Start of EXERCISE INPUT

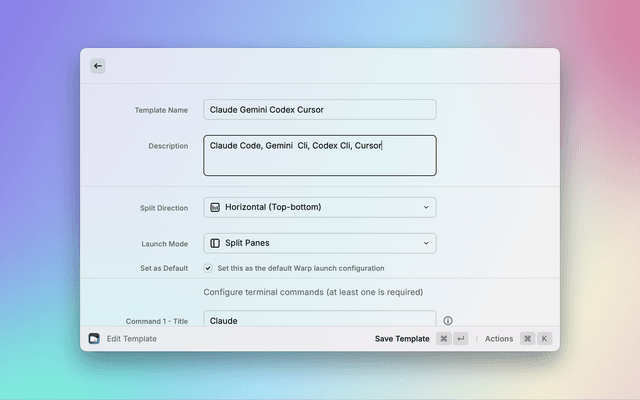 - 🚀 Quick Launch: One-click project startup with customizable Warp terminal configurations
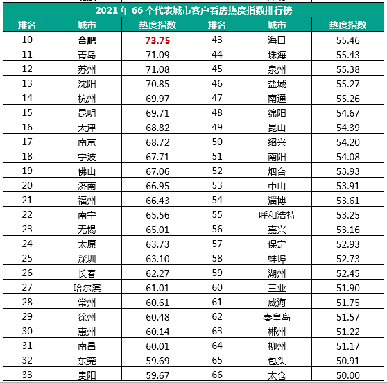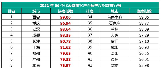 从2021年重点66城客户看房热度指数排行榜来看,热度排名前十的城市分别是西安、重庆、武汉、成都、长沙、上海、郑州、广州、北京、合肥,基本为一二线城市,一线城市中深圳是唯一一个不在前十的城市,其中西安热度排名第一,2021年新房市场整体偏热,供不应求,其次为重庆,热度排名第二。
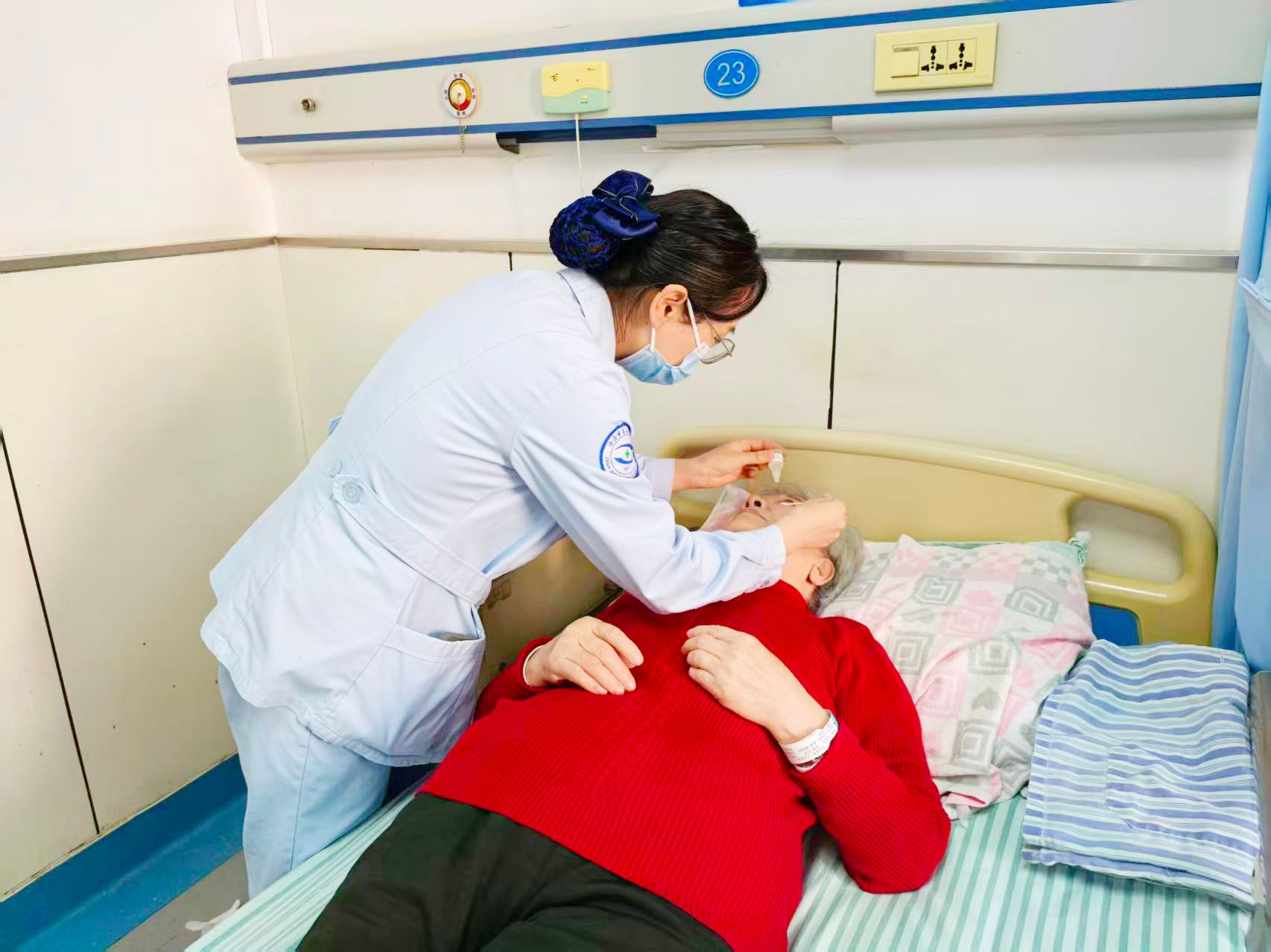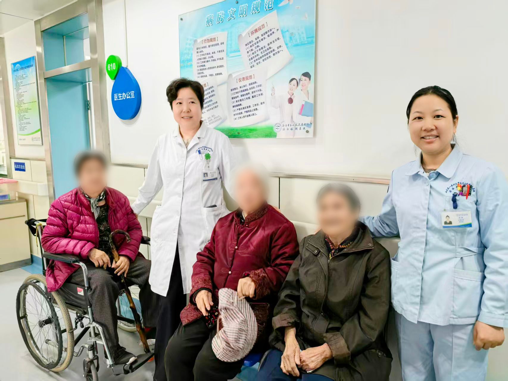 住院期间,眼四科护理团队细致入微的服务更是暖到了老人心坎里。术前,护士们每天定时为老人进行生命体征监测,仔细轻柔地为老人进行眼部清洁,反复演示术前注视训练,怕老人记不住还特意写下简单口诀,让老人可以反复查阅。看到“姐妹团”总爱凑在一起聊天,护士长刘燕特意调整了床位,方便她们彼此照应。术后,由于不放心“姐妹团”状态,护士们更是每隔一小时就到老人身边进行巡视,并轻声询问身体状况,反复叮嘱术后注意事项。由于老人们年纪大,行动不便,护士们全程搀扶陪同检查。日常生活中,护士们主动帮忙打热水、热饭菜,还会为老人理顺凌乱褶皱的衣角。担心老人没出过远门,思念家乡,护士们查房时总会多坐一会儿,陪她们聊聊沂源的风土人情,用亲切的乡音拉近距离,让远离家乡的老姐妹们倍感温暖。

End of EXERCISE INPUT
Start of EXERCISE INPUT

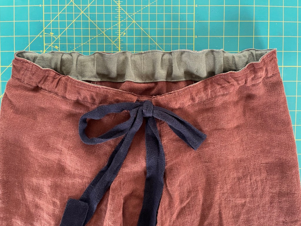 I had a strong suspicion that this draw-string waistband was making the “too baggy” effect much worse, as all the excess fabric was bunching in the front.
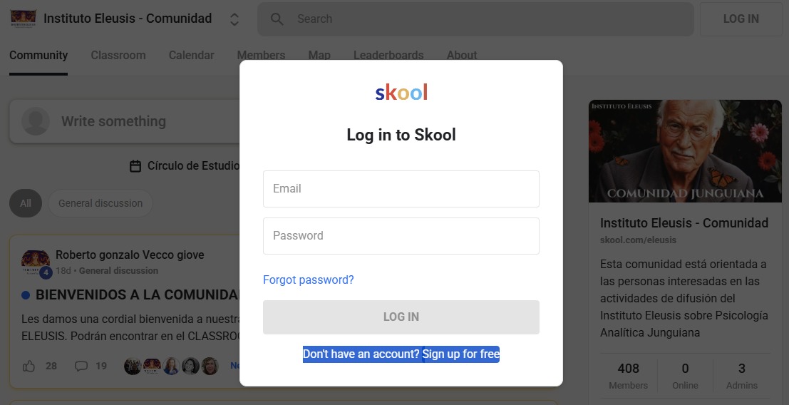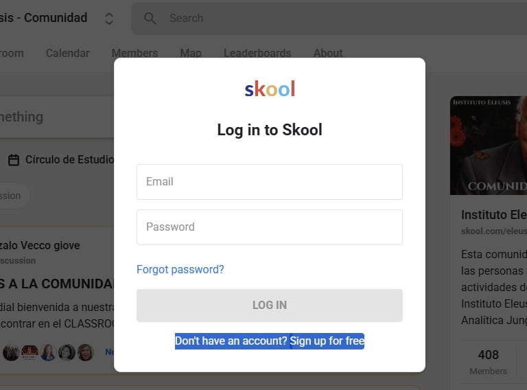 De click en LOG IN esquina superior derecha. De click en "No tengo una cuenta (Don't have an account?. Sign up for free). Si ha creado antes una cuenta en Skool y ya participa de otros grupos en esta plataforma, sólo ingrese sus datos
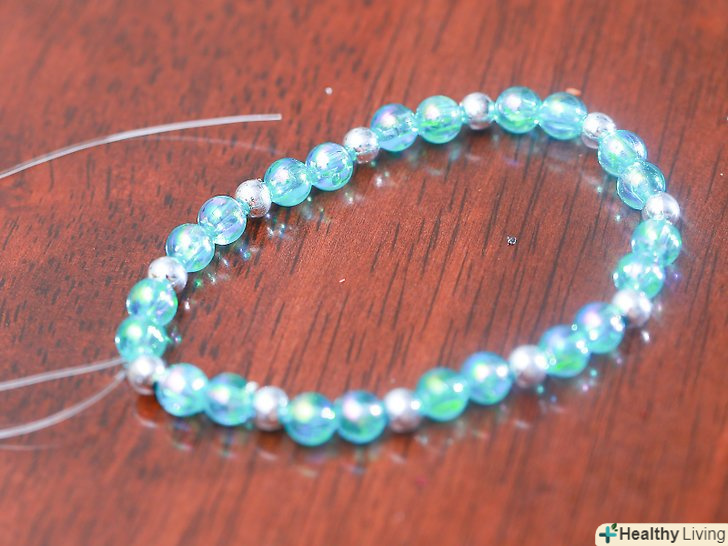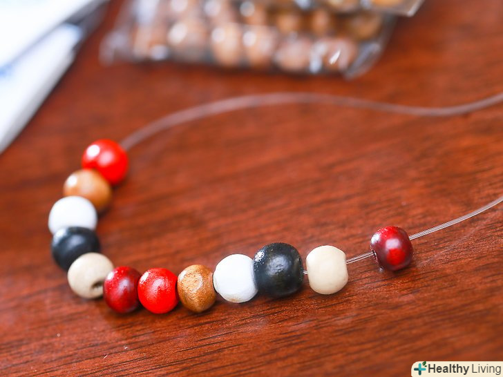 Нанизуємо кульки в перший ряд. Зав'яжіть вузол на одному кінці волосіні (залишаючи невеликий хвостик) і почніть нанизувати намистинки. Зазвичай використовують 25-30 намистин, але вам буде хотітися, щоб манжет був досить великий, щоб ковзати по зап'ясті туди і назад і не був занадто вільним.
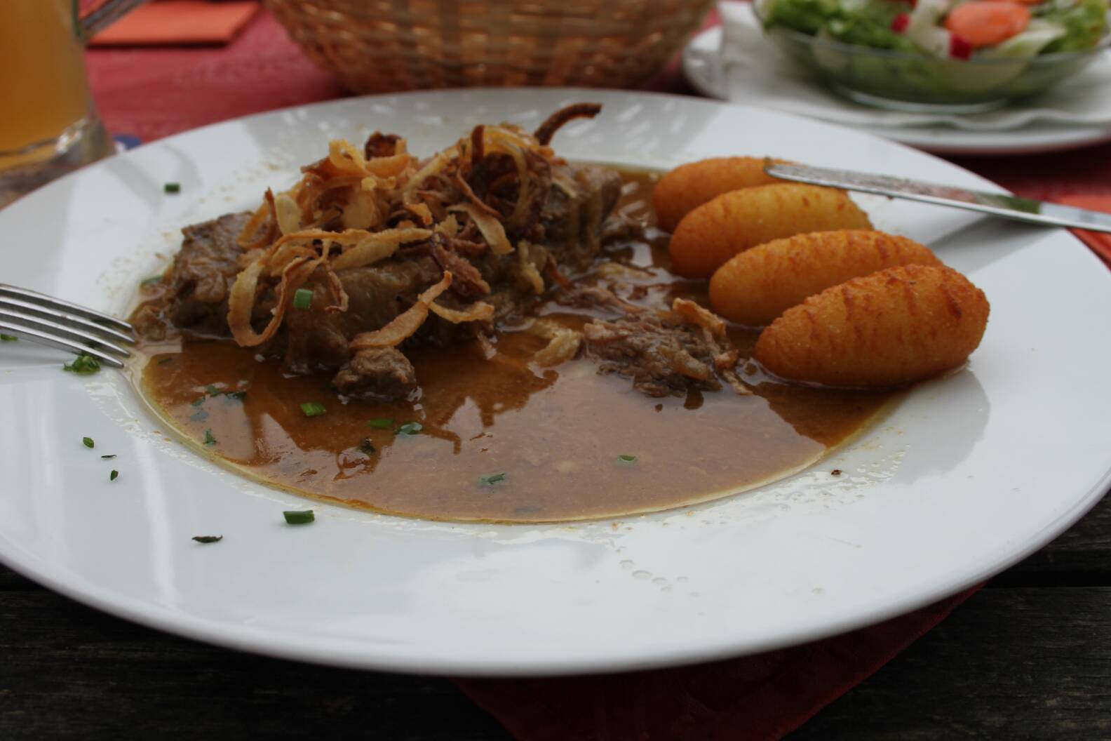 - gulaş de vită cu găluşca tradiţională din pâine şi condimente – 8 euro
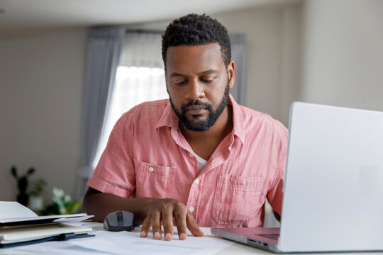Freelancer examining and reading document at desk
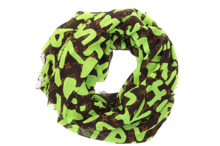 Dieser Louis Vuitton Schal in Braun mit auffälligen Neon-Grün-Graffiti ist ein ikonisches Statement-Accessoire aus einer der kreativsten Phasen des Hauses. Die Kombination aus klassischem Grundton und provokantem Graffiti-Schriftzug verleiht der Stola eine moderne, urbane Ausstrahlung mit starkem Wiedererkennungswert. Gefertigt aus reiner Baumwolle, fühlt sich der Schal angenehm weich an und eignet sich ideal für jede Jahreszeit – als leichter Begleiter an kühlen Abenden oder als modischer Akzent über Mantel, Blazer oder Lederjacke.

End of EXERCISE INPUT
Start of EXERCISE INPUT

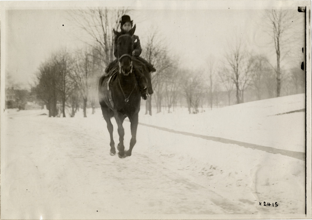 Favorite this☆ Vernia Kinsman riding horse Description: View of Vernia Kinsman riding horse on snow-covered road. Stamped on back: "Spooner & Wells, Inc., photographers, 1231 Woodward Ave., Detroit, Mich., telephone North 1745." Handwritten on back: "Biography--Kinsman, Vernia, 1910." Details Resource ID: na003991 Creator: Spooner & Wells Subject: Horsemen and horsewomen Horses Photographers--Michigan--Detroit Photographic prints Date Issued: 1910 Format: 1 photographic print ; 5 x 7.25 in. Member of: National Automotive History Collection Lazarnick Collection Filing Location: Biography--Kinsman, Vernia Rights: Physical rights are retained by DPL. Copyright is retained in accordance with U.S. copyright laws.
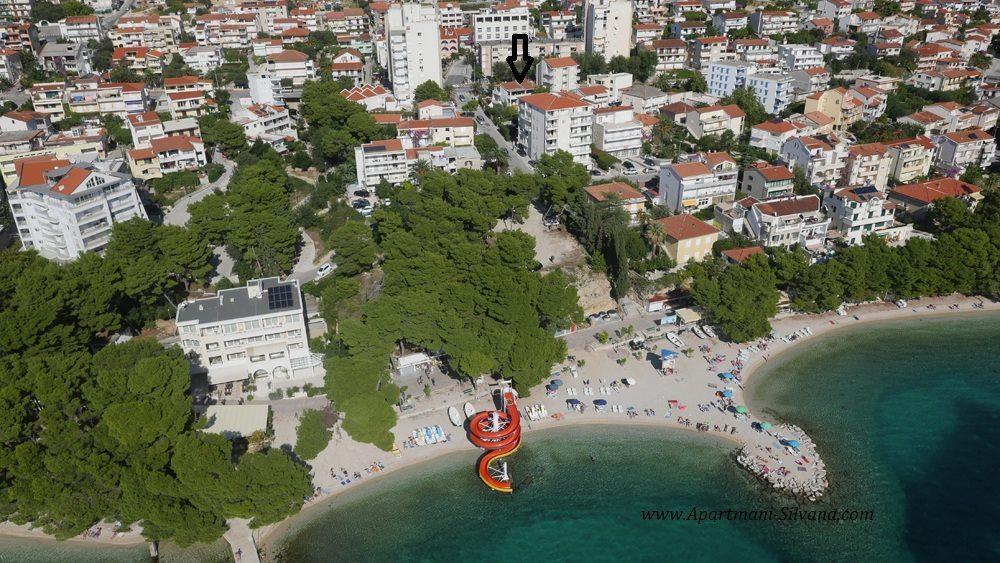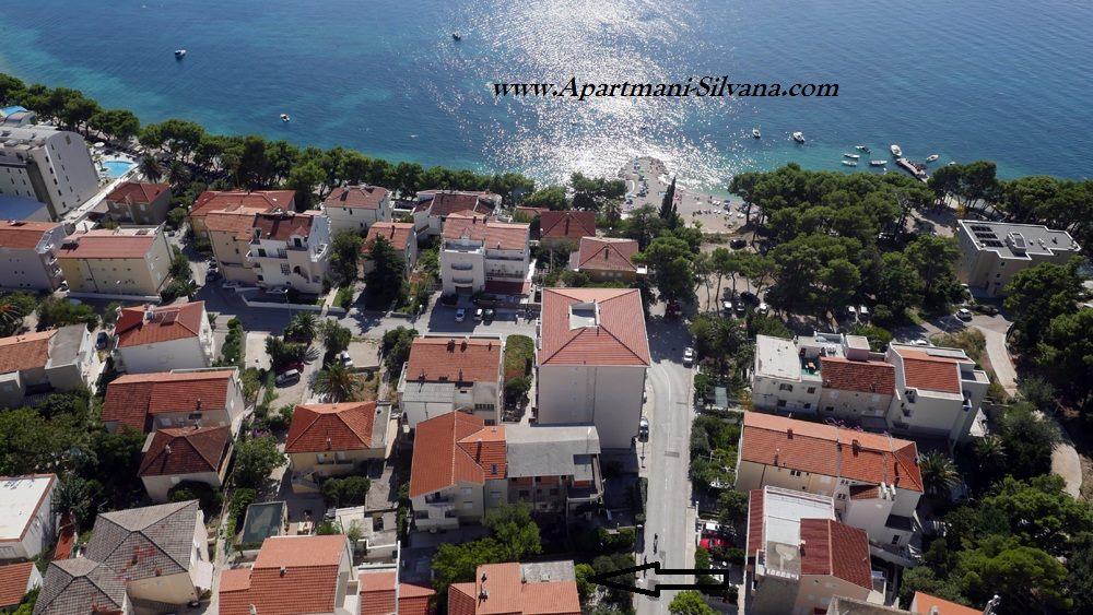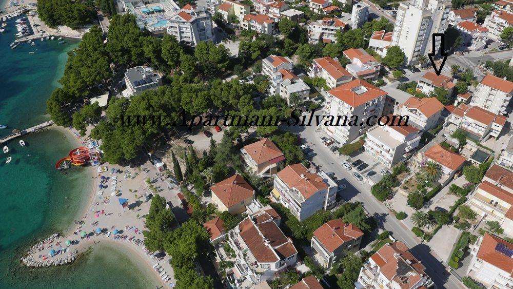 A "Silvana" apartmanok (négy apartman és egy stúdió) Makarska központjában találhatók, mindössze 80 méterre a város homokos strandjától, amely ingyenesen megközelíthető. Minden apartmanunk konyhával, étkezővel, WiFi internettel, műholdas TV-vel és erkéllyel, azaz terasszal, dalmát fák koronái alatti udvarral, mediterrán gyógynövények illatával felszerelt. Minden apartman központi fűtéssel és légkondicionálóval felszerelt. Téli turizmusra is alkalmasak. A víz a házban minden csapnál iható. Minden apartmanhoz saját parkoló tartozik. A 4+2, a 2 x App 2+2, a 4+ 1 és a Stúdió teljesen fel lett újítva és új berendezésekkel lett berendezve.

End of EXERCISE INPUT

**WORK ITEM**
Using the data above, return the lines from the one holding "Freelancer examining and" through the one holding "Dieser Louis Vuitton" exactly, but not the pictures.

**EXERCISE ANSWER**
Freelancer examining and reading document at desk
 Dieser Louis Vuitton Schal in Braun mit auffälligen Neon-Grün-Graffiti ist ein ikonisches Statement-Accessoire aus einer der kreativsten Phasen des Hauses. Die Kombination aus klassischem Grundton und provokantem Graffiti-Schriftzug verleiht der Stola eine moderne, urbane Ausstrahlung mit starkem Wiedererkennungswert. Gefertigt aus reiner Baumwolle, fühlt sich der Schal angenehm weich an und eignet sich ideal für jede Jahreszeit – als leichter Begleiter an kühlen Abenden oder als modischer Akzent über Mantel, Blazer oder Lederjacke.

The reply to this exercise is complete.